### Task details
In the entries below, the lines from the one with "I believe in" through the one with "2.10ctw Four Prong" are to be copied exactly; both ends count.
[Data to use — start]
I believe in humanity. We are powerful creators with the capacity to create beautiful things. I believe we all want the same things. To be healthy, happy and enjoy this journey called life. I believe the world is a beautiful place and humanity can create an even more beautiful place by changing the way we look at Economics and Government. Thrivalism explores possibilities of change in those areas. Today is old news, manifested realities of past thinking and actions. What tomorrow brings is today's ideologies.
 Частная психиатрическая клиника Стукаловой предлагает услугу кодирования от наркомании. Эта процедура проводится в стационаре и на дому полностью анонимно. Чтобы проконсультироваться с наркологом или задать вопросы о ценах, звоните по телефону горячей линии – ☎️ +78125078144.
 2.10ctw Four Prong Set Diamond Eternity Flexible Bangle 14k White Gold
[Data to use — finish]
[Data to use — start]
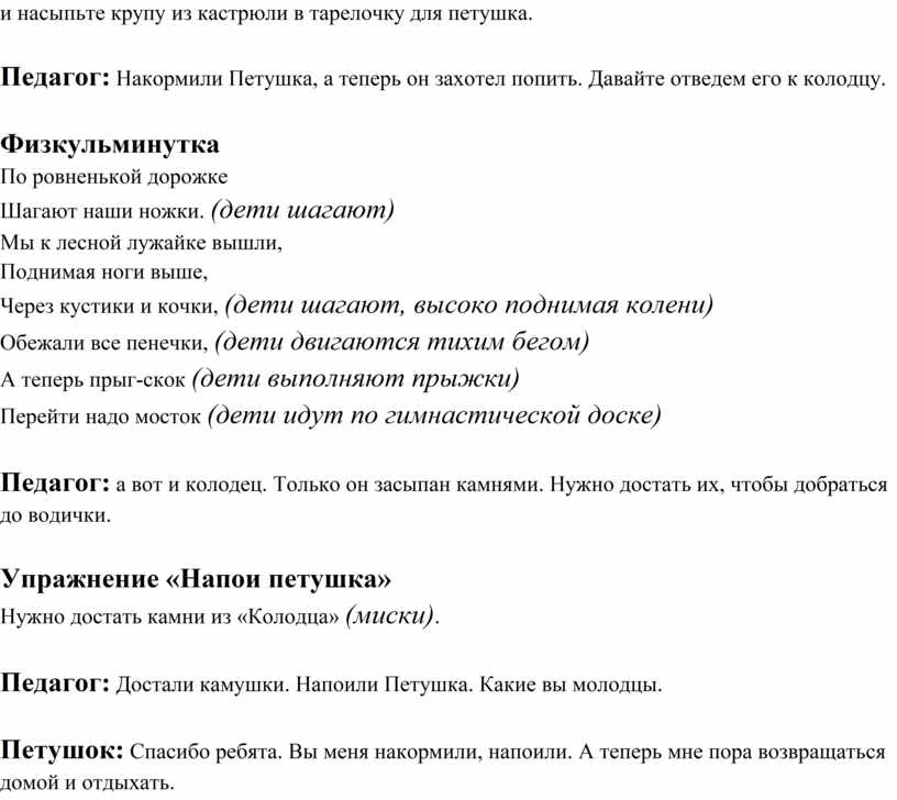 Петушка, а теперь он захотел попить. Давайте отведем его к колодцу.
[Data to use — finish]
### Answer for this exercise
I believe in humanity. We are powerful creators with the capacity to create beautiful things. I believe we all want the same things. To be healthy, happy and enjoy this journey called life. I believe the world is a beautiful place and humanity can create an even more beautiful place by changing the way we look at Economics and Government. Thrivalism explores possibilities of change in those areas. Today is old news, manifested realities of past thinking and actions. What tomorrow brings is today's ideologies.
 Частная психиатрическая клиника Стукаловой предлагает услугу кодирования от наркомании. Эта процедура проводится в стационаре и на дому полностью анонимно. Чтобы проконсультироваться с наркологом или задать вопросы о ценах, звоните по телефону горячей линии – ☎️ +78125078144.
 2.10ctw Four Prong Set Diamond Eternity Flexible Bangle 14k White Gold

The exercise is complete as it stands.